Parallelizing Fiji headless

I have some Jython FIJI scripts I’m currently running locally on a large analysis workstation; most of the code is pretty well locked, but there are a few configurable parameters that need to be tuned run-to-run since the wet-lab side is currently NOT locked and we often need to check a few parameter sets before we find the one that matches the setup-of-the-day.

I’d like to be able to move to the cloud to run headless in parallel. Does anyone (@ctrueden?) have advice on how best to do this? I was hypothesizing the best thing might be to make everything into PyImageJ notebooks and then try using IPyParallel, but I wasn’t sure it would play nicely so I wondered if anyone had experience with that (or any other) solution.

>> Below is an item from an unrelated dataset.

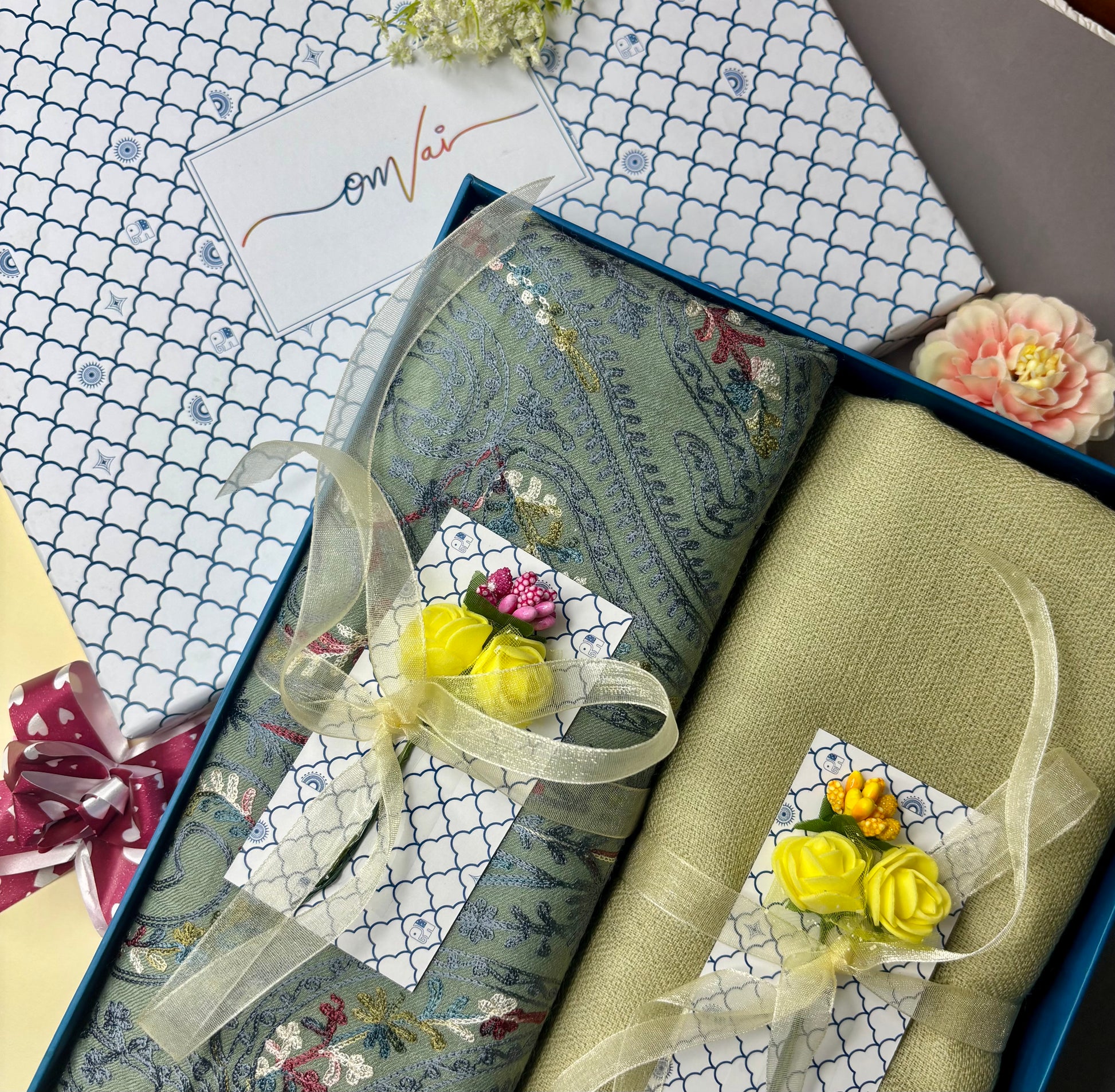 OMVAI Embroidery Pashmina Combo Gift Set in Pure Cashmere wool - Sage Embroidered Stole with Artichoke Solid Stole (Set of 2 - For HIM and for HER)

(I’m not in theory opposed to making the scripts pure Java, but as I’m much more comfortable in Python I’d ideally like to stay in that space; if it makes the overall process much easier though, definitely open to Java solutions)

We approached it using snakemake (https://snakemake.readthedocs.io/en/stable/) as workflow manager and driving Fiji in a Virtual Frame Buffer using Beanshell scripts:


You don’t need snakemake but it is nice for managing large workflows. You can create these jobs using shell scripts and I guess any other interface that creates jobs. I think using python scripts instead of beanshell scripts is also doable. There is some code for this here:

The key for this is to create chunks of jobs with these Fiji calls in the xvfb plus the arguments specific for the jobs:

/sw/bin/xvfb-run -a /sw/bin/python ./project_stacks.py argument

then unpack the arguments in the script:

sys.argv[1]
1 Like

Perhaps relevant, at the most recent FIJI learnathon Pavel Moravec presented sci-java parallel with a nice presentation and examples.

3 Likes

Great question. It might be nice to have a wiki page on imagej.net discussing all the ways forward people are using, highlighting cost/benefit of each. But right now, as far as I know, that documentation does not exist. So for now I’ll just list the ways I know about, off the top of my head:

Headless scripting from the CLI. You can run the scripts headless as described here:

On a compute cluster, each node executes one or more scripts in this fashion.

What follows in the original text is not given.